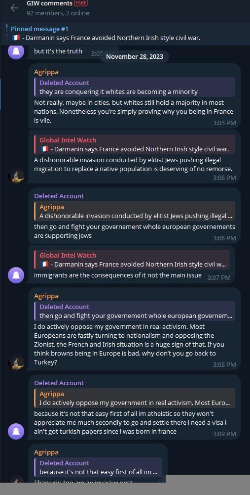 • Various chats connected to Global Intel Watch, which self-describes as “Semi-professional News Aggregation from a Christian realist perspective.” The channel doesn’t seem outright antisemitic in its commentary on Israel, or outright racist in its commentary on the Middle East, but a bunch of the guys in the comments sure are.
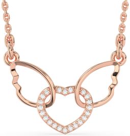 Diamond Rose Gold Silver Heart Wings Interlock Necklace
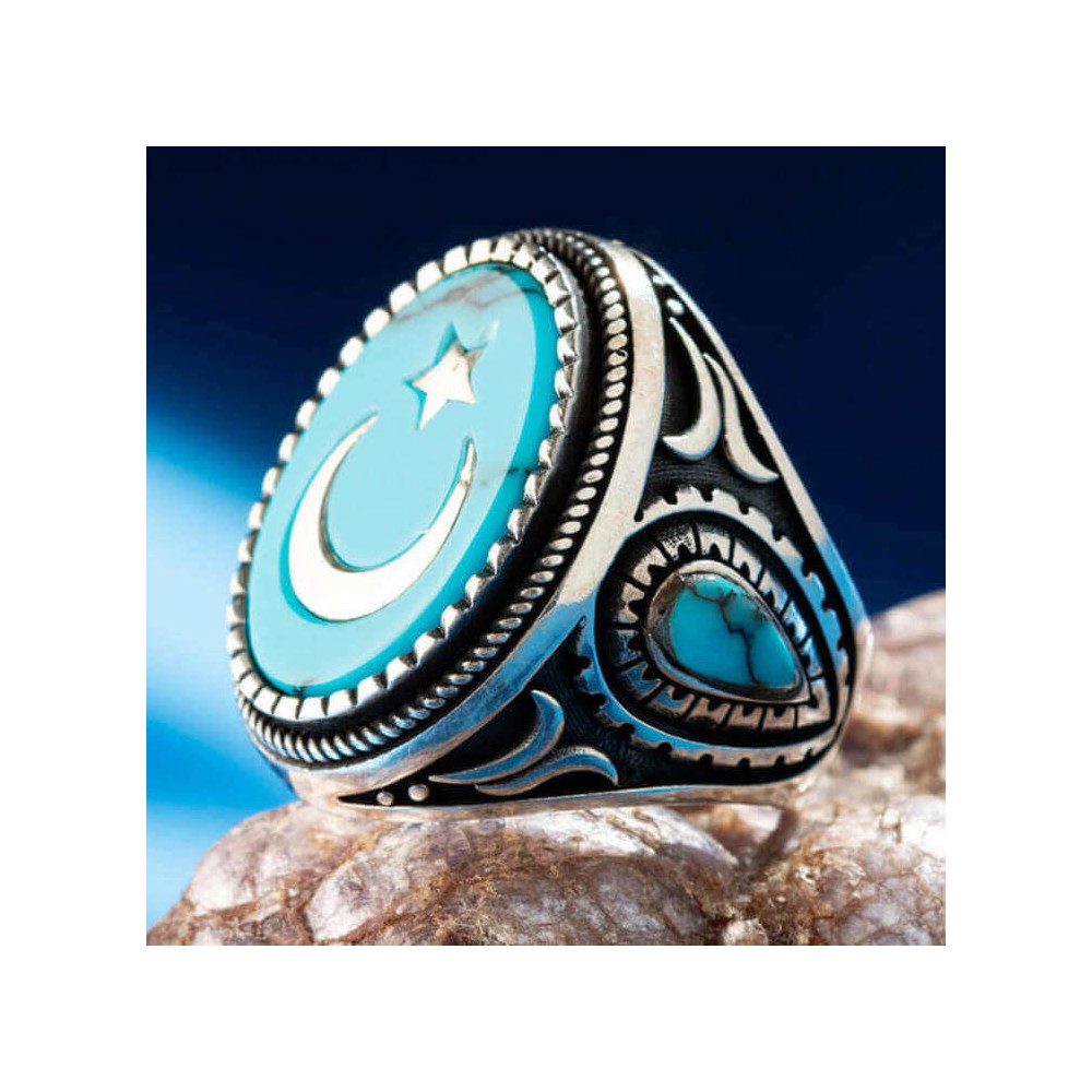 Yüzük üzerinde turkuaz firuze taş üzerine ay yıldız motifi mevcuttur.Taş üzerindeki desenler farklılık gösterebilir.
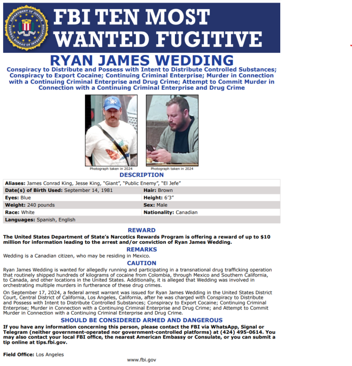 Wedding is wanted for allegedly running a transnational drug trafficking network that shipped large amounts of cocaine from Colombia through Mexico and Southern California to Canada and other locations in the U.S. He is also wanted for orchestrating multiple murders and an attempted murder, according to the FBI.
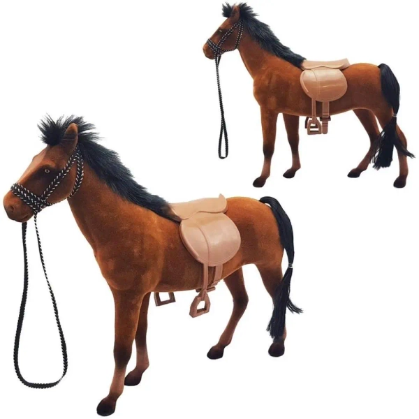Oferujemy pięknego konia w brązowym odcieniu, całkowicie pokrytego miękkim i przyjemnym w dotyku materiałem floku. Idealny jako prezent dla miłośników wyjątkowych dekoracji, zarówno dla dzieci, jak i dorosłych.
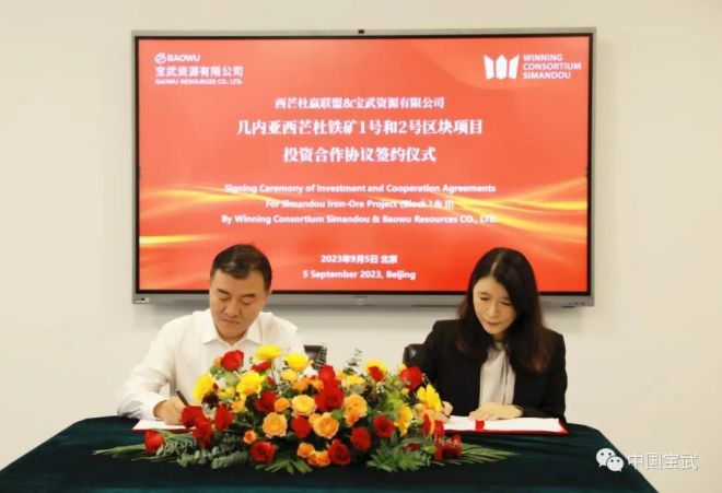 9月5日下午,寶武資源與贏聯盟控股公司(WCS)在北京簽署了西芒杜鐵礦北部區塊項目投資合作協議。中國寶武海外礦投辦主任、寶武資源黨委書記、董事長施兵和贏聯盟西芒杜項目首席執行官呂曉慧分別代表雙方簽約。
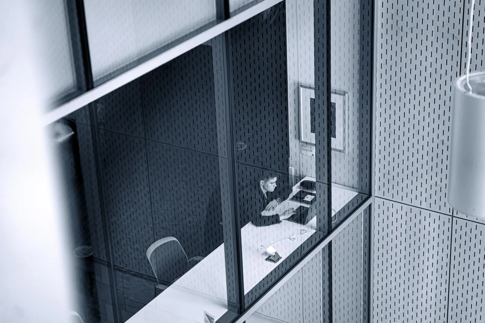 Captured from the third floor of the Mary Idema Pew Library, a student works on a laptop on February 5th.
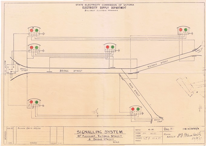 The SEC decided to install “Forest City” colour light signals on its three tramway systems at Ballarat, Bendigo and Geelong. It intended to relay the single track in Bridge Street in double track, but after opposition by the Royal Automobile Club of Victoria the Ballarat Council refused permission. The Bridge Street single track was relaid early in 1937, and that appears to have been the first section fitted with Forest City signals. Other lines followed over the next year.
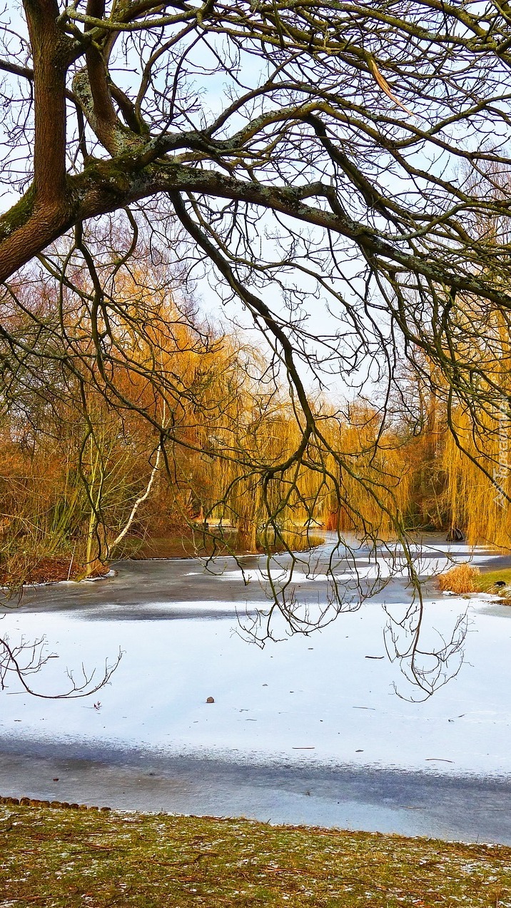 Edytor tapety: Wierzby płaczące nad zamarzniętym stawem

▶ [WHAT THIS TASK INVOLVES]
Give the data again exactly, without pictures.

▶ [SOLUTION TO THE EXERCISE]
 • Various chats connected to Global Intel Watch, which self-describes as “Semi-professional News Aggregation from a Christian realist perspective.” The channel doesn’t seem outright antisemitic in its commentary on Israel, or outright racist in its commentary on the Middle East, but a bunch of the guys in the comments sure are.
 Diamond Rose Gold Silver Heart Wings Interlock Necklace
 Yüzük üzerinde turkuaz firuze taş üzerine ay yıldız motifi mevcuttur.Taş üzerindeki desenler farklılık gösterebilir.
 Wedding is wanted for allegedly running a transnational drug trafficking network that shipped large amounts of cocaine from Colombia through Mexico and Southern California to Canada and other locations in the U.S. He is also wanted for orchestrating multiple murders and an attempted murder, according to the FBI.
Oferujemy pięknego konia w brązowym odcieniu, całkowicie pokrytego miękkim i przyjemnym w dotyku materiałem floku. Idealny jako prezent dla miłośników wyjątkowych dekoracji, zarówno dla dzieci, jak i dorosłych.
 9月5日下午,寶武資源與贏聯盟控股公司(WCS)在北京簽署了西芒杜鐵礦北部區塊項目投資合作協議。中國寶武海外礦投辦主任、寶武資源黨委書記、董事長施兵和贏聯盟西芒杜項目首席執行官呂曉慧分別代表雙方簽約。
 Captured from the third floor of the Mary Idema Pew Library, a student works on a laptop on February 5th.
 The SEC decided to install “Forest City” colour light signals on its three tramway systems at Ballarat, Bendigo and Geelong. It intended to relay the single track in Bridge Street in double track, but after opposition by the Royal Automobile Club of Victoria the Ballarat Council refused permission. The Bridge Street single track was relaid early in 1937, and that appears to have been the first section fitted with Forest City signals. Other lines followed over the next year.
 Edytor tapety: Wierzby płaczące nad zamarzniętym stawem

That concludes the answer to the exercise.